We move to an article in the Sunday Times magazine this weekend on Queen Rania of Jordan, a globally famous lady. The queen was in fact a refugee. She was a Palestinian living in Kuwait when the first Gulf War erupted in 1991; her family fled to Jordan and were taken in in a kindly manner. She was an educated lady (she was taking an MBA in Cairo at the time), so she had quite a head start, but she was a refugee nevertheless. She met the future King of Jordan over a mutual friend’s dinner party – and the rest, as they say, is history. Jordan is in many ways a quite extraordinary place. It shares borders with Syria, Iraq and Israel, but, unlike many of its oil rich neighbours, it is a poor country. Indeed, it is one of the world’s five most water-short countries, would you believe. Recent wars have destroyed tourism to ancient sites like Petra, and unemployment among young people is 29%. It is also a small country, about the size of Hungary, and with a total population of 9.5 million people, just a million or so bigger than London. And now for the extraordinary statistic: despite their financial difficulties, despite their living in poverty in many cases, despite the war-torn region, amongst their 9.5 million people, they have 2.7 million refugees. It hosts the world’s biggest camp outside Africa, with 80,000 people in it. Proportionately, it is as if the UK took in the entire population of Holland. Indeed, in the recent Syrian conflict Jordan has taken 1.2 million refugees into their small poor country, more than the whole of Europe put together. In order to take in the refugees their debt to GDP ratio has skyrocketed to 90%. Over a quarter of their national budget goes to refugees. The Queen feels, understandably, passionate about this and is arguably one of the most philanthropic people on the planet. Jordan, of course, has lots of other issues, as we all do, but without any doubt it is leaving leading the way on this front.

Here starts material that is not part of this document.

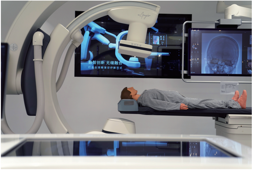
这是2024年9月10日在上海联影医疗展厅拍摄的智能影像设备。
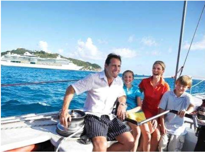
구글 이미지. 출처 www.rccl.kr

And lastly to the U.K.’s response to the Syrian crisis. Whilst I think we can be proud to some extent of our humanitarian aid record, we do not set much of an example elsewhere.  In the year and a half running up to December 2016, Britain had taken just 5,400 Syrian refugees in total. It has committed to accept 20,000 by the year 2020. Set this against small, poor Jordan’s 1.2 million! The reason given by our government is that we have chosen to give money rather than accepting refugees into our own country. There is undoubtedly truth in this, as we have donated almost £2.5 billion to Syrian refugees since the crisis began: which represents the second largest donation in the world.

One might infer, however, from some of this talk that we are rather better at giving money than personal kindness. And I think it might be worth just chewing that over for a while.